++++ DATASET RECORDS ++++

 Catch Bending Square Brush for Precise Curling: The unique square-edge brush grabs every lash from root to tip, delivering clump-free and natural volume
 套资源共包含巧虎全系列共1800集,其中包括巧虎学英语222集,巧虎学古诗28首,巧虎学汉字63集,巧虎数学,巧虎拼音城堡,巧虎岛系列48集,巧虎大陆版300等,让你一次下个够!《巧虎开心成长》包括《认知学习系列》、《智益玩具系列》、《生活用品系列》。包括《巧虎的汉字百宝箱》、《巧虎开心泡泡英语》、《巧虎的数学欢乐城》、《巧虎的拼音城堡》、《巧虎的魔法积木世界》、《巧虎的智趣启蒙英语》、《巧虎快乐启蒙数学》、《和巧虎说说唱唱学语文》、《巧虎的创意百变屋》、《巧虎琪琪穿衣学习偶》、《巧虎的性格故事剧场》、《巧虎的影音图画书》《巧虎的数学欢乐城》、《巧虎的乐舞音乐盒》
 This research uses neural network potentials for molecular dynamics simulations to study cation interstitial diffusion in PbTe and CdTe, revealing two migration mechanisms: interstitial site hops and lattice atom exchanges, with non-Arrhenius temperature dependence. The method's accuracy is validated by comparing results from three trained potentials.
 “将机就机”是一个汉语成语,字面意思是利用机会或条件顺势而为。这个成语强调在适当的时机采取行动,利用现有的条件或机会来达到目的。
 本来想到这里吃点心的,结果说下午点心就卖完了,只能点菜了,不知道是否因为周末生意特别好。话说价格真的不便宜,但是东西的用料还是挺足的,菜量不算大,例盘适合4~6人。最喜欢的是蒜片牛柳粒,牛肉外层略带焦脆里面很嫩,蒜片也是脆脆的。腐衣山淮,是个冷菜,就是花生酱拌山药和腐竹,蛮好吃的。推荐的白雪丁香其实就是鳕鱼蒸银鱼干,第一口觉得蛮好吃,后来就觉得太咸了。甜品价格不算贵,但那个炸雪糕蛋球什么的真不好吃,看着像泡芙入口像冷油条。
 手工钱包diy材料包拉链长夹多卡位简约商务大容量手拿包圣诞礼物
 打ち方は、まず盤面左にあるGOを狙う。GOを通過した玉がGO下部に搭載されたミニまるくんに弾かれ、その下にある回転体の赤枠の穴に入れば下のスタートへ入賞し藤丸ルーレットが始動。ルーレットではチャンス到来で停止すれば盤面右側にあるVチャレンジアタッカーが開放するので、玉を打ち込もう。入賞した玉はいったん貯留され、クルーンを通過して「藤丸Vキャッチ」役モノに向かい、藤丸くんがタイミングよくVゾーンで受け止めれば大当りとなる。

++++

### ABOUT THIS TASK
Transcribe the records from their first line. Stop after the line with "套资源共包含巧虎全系列共18", including it.

### ANSWER FOR THIS EXERCISE
 Catch Bending Square Brush for Precise Curling: The unique square-edge brush grabs every lash from root to tip, delivering clump-free and natural volume
 套资源共包含巧虎全系列共1800集,其中包括巧虎学英语222集,巧虎学古诗28首,巧虎学汉字63集,巧虎数学,巧虎拼音城堡,巧虎岛系列48集,巧虎大陆版300等,让你一次下个够!《巧虎开心成长》包括《认知学习系列》、《智益玩具系列》、《生活用品系列》。包括《巧虎的汉字百宝箱》、《巧虎开心泡泡英语》、《巧虎的数学欢乐城》、《巧虎的拼音城堡》、《巧虎的魔法积木世界》、《巧虎的智趣启蒙英语》、《巧虎快乐启蒙数学》、《和巧虎说说唱唱学语文》、《巧虎的创意百变屋》、《巧虎琪琪穿衣学习偶》、《巧虎的性格故事剧场》、《巧虎的影音图画书》《巧虎的数学欢乐城》、《巧虎的乐舞音乐盒》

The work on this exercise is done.